Question 20.P.18: Derive the equation for the unit influence line for the vert...

Remove the support at B and apply a vertical load P at B. Then, using Macauley’s method

E I \frac{\mathrm{d}^{2} υ}{\mathrm{~d} x^{2}}=\frac{2}{3} P x-P[x-6]   (i)

(Note: the vertical reaction at A is 2P/3)

E I \frac{\mathrm{d} υ}{\mathrm{~d} x}=\frac{P}{3} x^{2}-\frac{P}{2}[x-6]^{2}+C_{1}    (ii)

E I υ=\frac{P}{9} x^{3}-\frac{P}{6}[x-6]^{3}+C_{1} x+C_{2}    (iii)

When x = 0, υ = 0 so that, from Eq. (iii), C_{2} = 0. Also, when x = 18 m, υ = 0 so that, from Eq. (iii)

0=\frac{P \times 18^{3}}{9}-\frac{P}{6}[18-6]^{3}+18 C_{1}

which gives

C_{1} = – 20P

Eq. (iii) then becomes

E Iυ=P\left(\frac{x^{3}}{9}-\frac{1}{6}[x-6]^{3}-20 x\right)  (iv)

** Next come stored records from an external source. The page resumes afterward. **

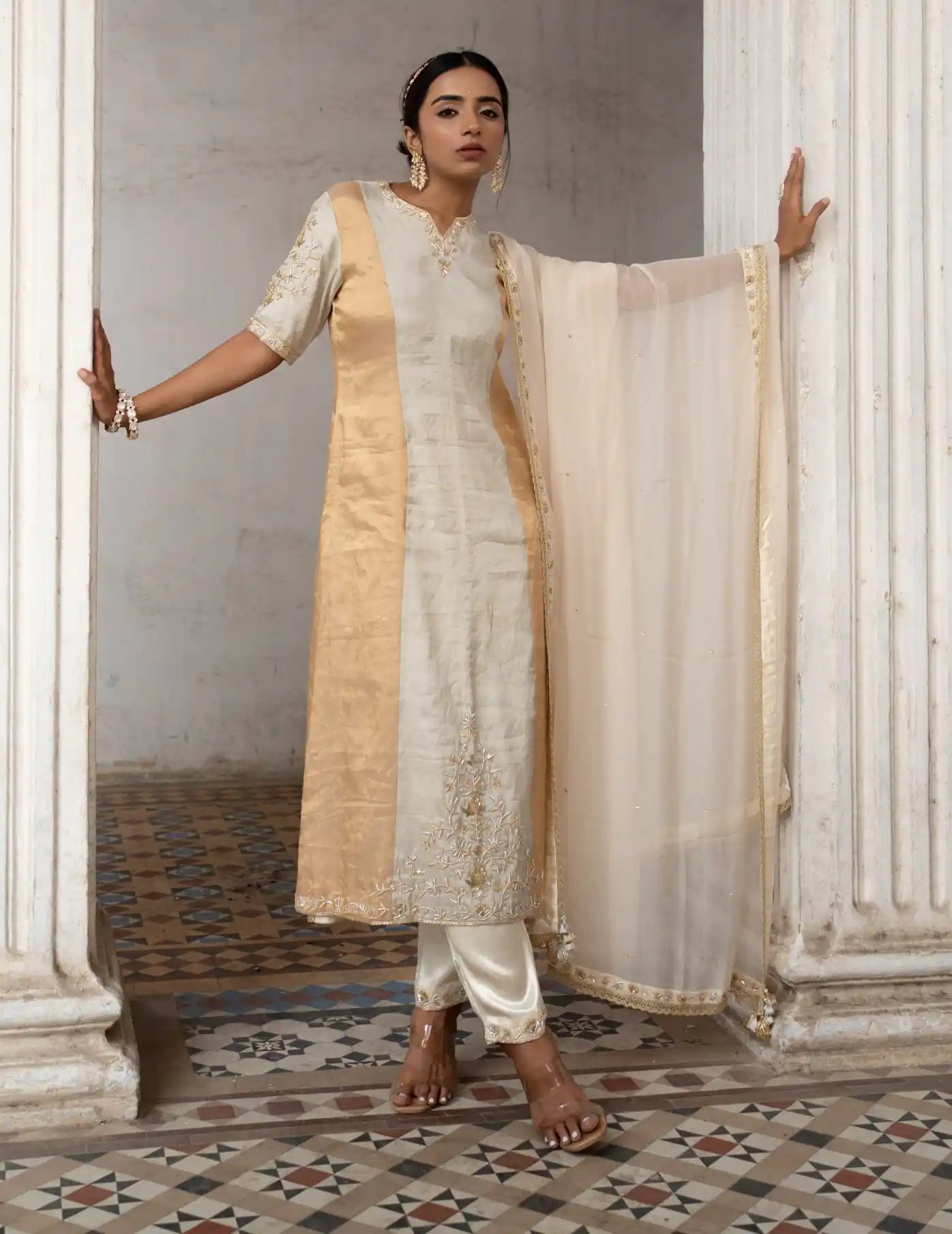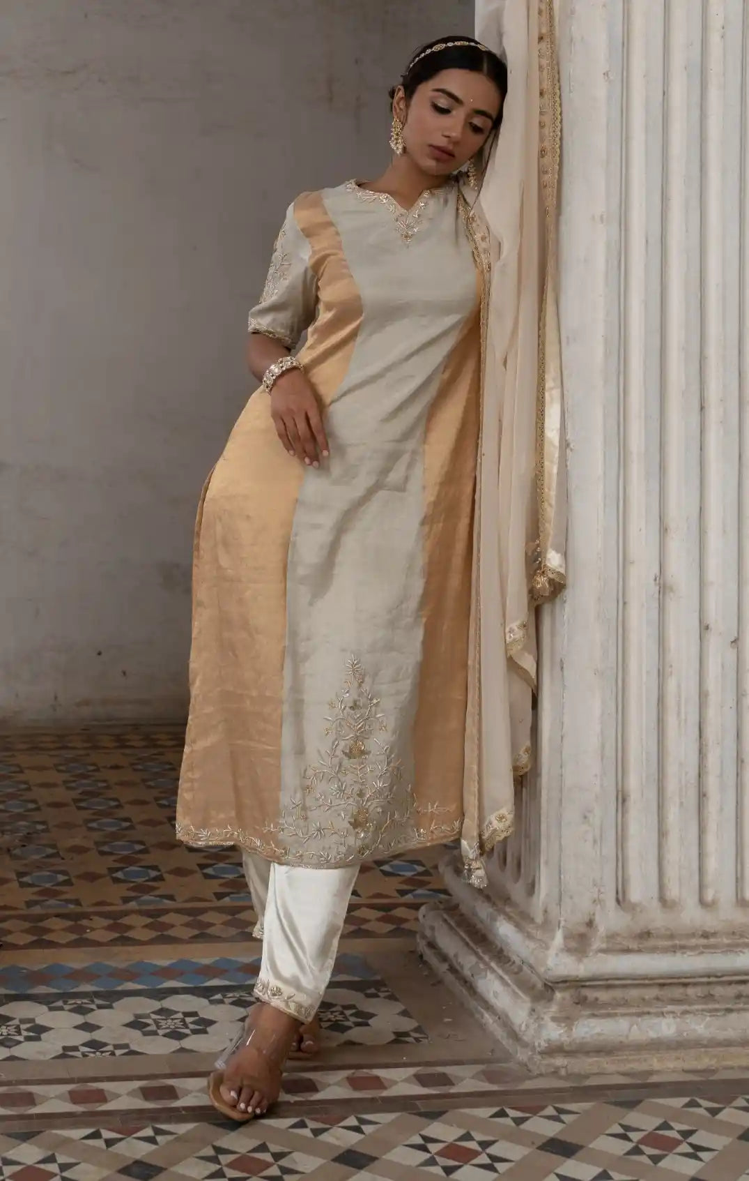 Discover the timeless elegance of our Light Silver and Gold Zari Tissue Embroidered Kurta Set. This enchanting ensemble features a delicately embroidered kurta, crafted from luxurious zari tissue fabric that shimmers with light silver and gold threads. Paired with an ivory embroidered pant and a matching dupatta, this outfit embodies sophistication and grace. Perfect for any special occasion, it combines traditional craftsmanship with contemporary style, making it a must-have addition to your wardrobe.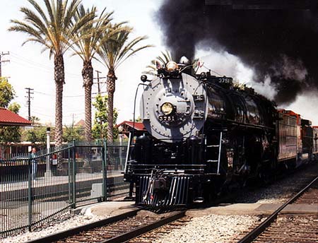 The 4-8-4 roars through Fullerton on the middle track at about 50 mph.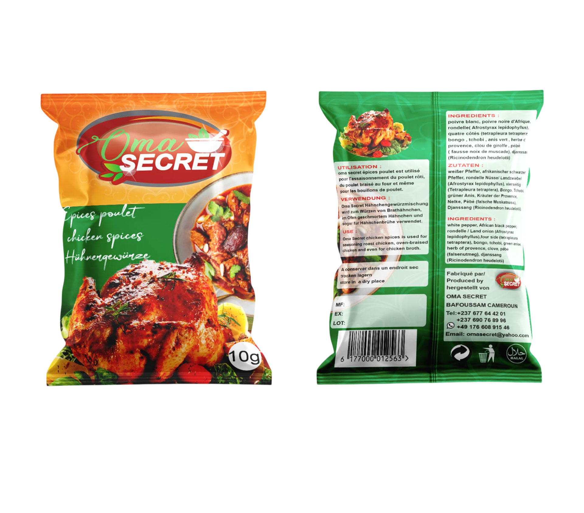 Le produit Oma secret Épices Poulet 10 gram (marque Oma secret) est identifié de manière unique par le GTIN (EAN-13) : 6177000012563, conformément aux standards GS1. Cette page constitue la fiche de référence pour l'identification normalisée de ce produit et de ses caractéristiques. La marque est la propriété de Établissement Oma Secret.

For the influence line υ = -1 at x = 6 m. Then, from Eq. (iv)

\frac{P}{E I}=-\frac{1}{96}

The equation for the influence line is then

υ=-\frac{1}{96}\left(\frac{x^{3}}{9}-\frac{1}{6}[x-6]^{3}-20 x\right)  (v)

The area under the curve between A and B is given by

\text { Area }=\frac{1}{96} \int_{0}^{6}\left(\frac{x^{3}}{9}-20 x\right) \mathrm{d} x=3.375

The reaction at B is then = 24 × 3.375 = 81 kN.